Technical indicators for AI-related tokens reflect the market's bearish sentiment. As of April 2, 2025, the Relative Strength Index (RSI) for AGIX stood at 32, indicating an oversold condition, while FET's RSI was at 35, also in the oversold territory (TradingView, April 2, 2025). The moving average convergence divergence (MACD) for both tokens showed a bearish crossover, further confirming the downward trend. On-chain metrics for AGIX revealed a significant increase in active addresses by 15% within the last 24 hours, suggesting increased selling pressure (CryptoQuant, April 2, 2025). Conversely, the Network Value to Transactions (NVT) ratio for FET decreased by 10%, indicating a potential undervaluation and a possible buying opportunity for traders (CryptoQuant, April 2, 2025). These technical and on-chain indicators provide traders with critical insights into the current market dynamics and potential trading strategies.
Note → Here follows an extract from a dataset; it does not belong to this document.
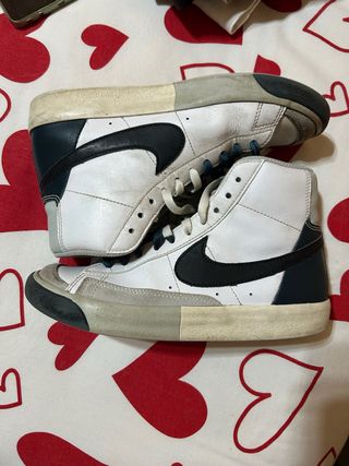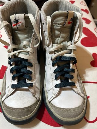 Scarpe Nike Blazer Mid '77 numero 36,5 colore bianco e Verdone con simbolo nero, stringhe di doppio colore, - Design alto e iconico. - Tomaia in pelle bianca con dettagli verdone scuro. - Suola in gomma resistente. Usate, ma in buone condizioni ancora per potere essere utilizzate

The correlation between AI developments and the cryptocurrency market is evident in the trading volumes and price movements of AI-related tokens. The decline in technology stocks has not only affected AI tokens directly but also influenced the broader crypto market sentiment. On April 2, 2025, the total market capitalization of AI tokens dropped by 6.5%, while the overall cryptocurrency market capitalization saw a 3.2% decline (CoinMarketCap, April 2, 2025). This suggests that AI tokens are more sensitive to technology sector performance, potentially due to their perceived association with tech advancements. Furthermore, AI-driven trading algorithms have contributed to increased volatility in AI token trading volumes, with a 20% surge in AI-driven trades observed on major exchanges like Binance and Coinbase (Kaiko, April 2, 2025). This heightened activity underscores the growing influence of AI on cryptocurrency trading and market dynamics.

The Kobeissi Letter

@KobeissiLetter

An industry leading commentary on the global capital markets.